Items from a dataset:
○ ○ ○ ○ ○

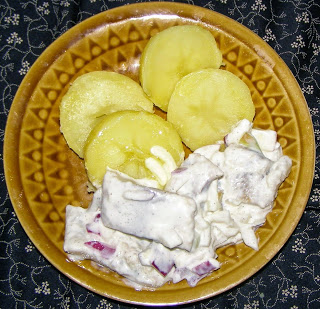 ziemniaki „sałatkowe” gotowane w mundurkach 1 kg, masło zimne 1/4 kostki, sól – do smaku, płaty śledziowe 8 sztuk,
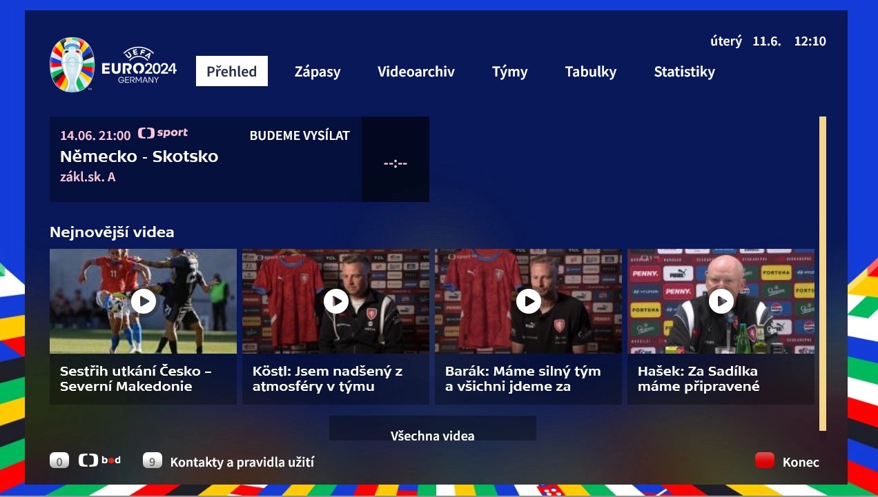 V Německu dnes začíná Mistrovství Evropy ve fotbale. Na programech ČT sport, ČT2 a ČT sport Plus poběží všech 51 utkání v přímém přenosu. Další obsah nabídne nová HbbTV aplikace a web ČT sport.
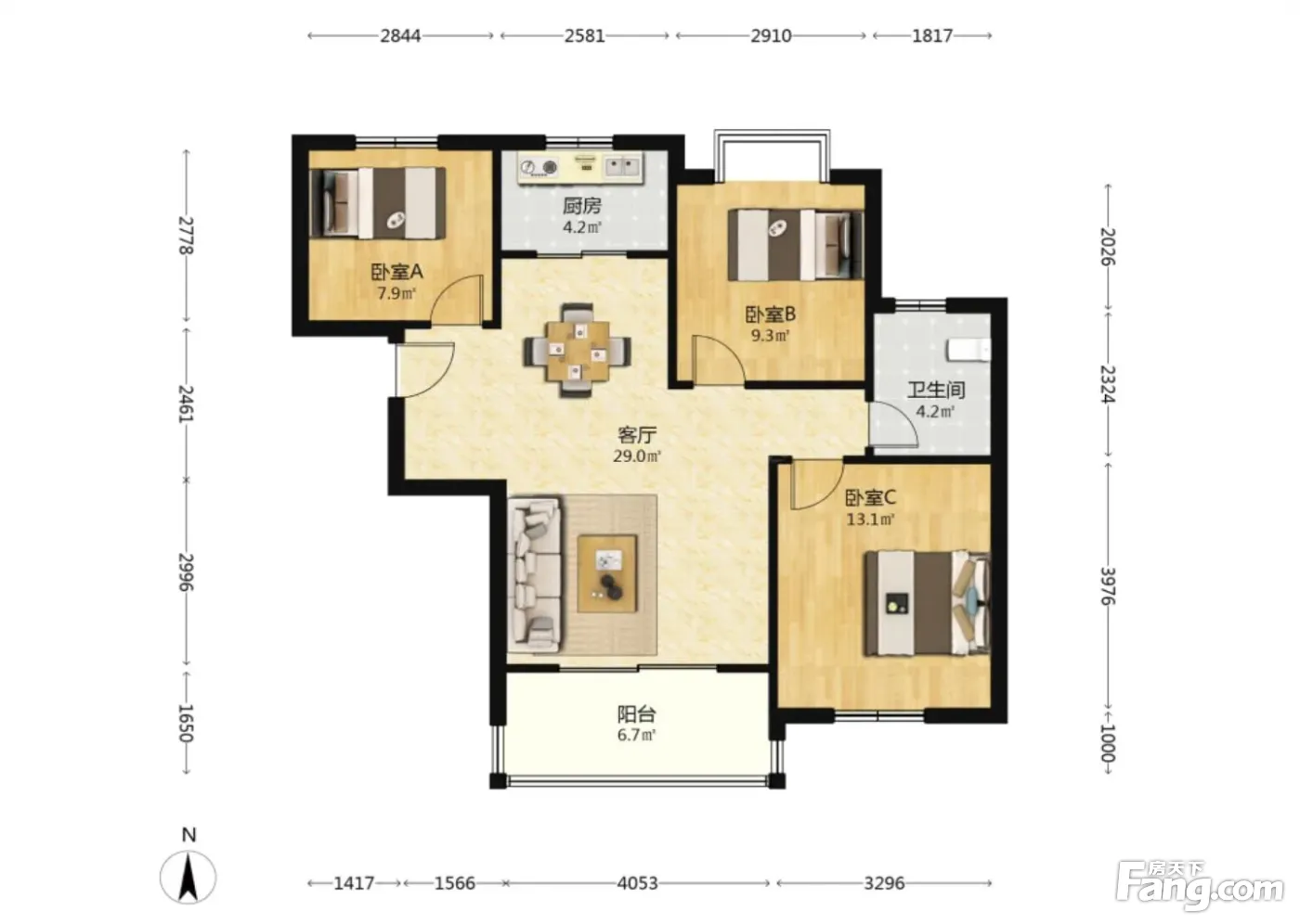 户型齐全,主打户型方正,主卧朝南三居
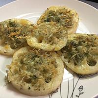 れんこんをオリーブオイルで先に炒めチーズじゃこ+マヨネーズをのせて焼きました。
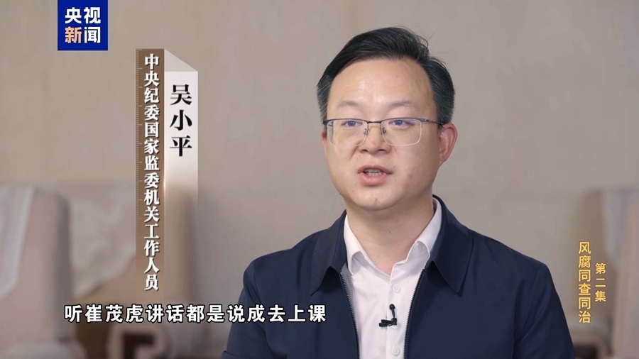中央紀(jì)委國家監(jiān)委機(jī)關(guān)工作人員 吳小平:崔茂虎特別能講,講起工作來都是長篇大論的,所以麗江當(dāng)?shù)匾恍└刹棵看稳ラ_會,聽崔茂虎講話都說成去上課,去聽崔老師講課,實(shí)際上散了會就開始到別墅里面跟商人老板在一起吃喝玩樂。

○ ○ ○ ○ ○

Exercise description: Excluding the pictures, write out exactly the lines from the line that contains "れんこんをオリーブオイルで先に炒めチーズじゃこ+マヨネーズをのせて焼きました。" through the end of the records.

Result:
 れんこんをオリーブオイルで先に炒めチーズじゃこ+マヨネーズをのせて焼きました。
中央紀(jì)委國家監(jiān)委機(jī)關(guān)工作人員 吳小平:崔茂虎特別能講,講起工作來都是長篇大論的,所以麗江當(dāng)?shù)匾恍└刹棵看稳ラ_會,聽崔茂虎講話都說成去上課,去聽崔老師講課,實(shí)際上散了會就開始到別墅里面跟商人老板在一起吃喝玩樂。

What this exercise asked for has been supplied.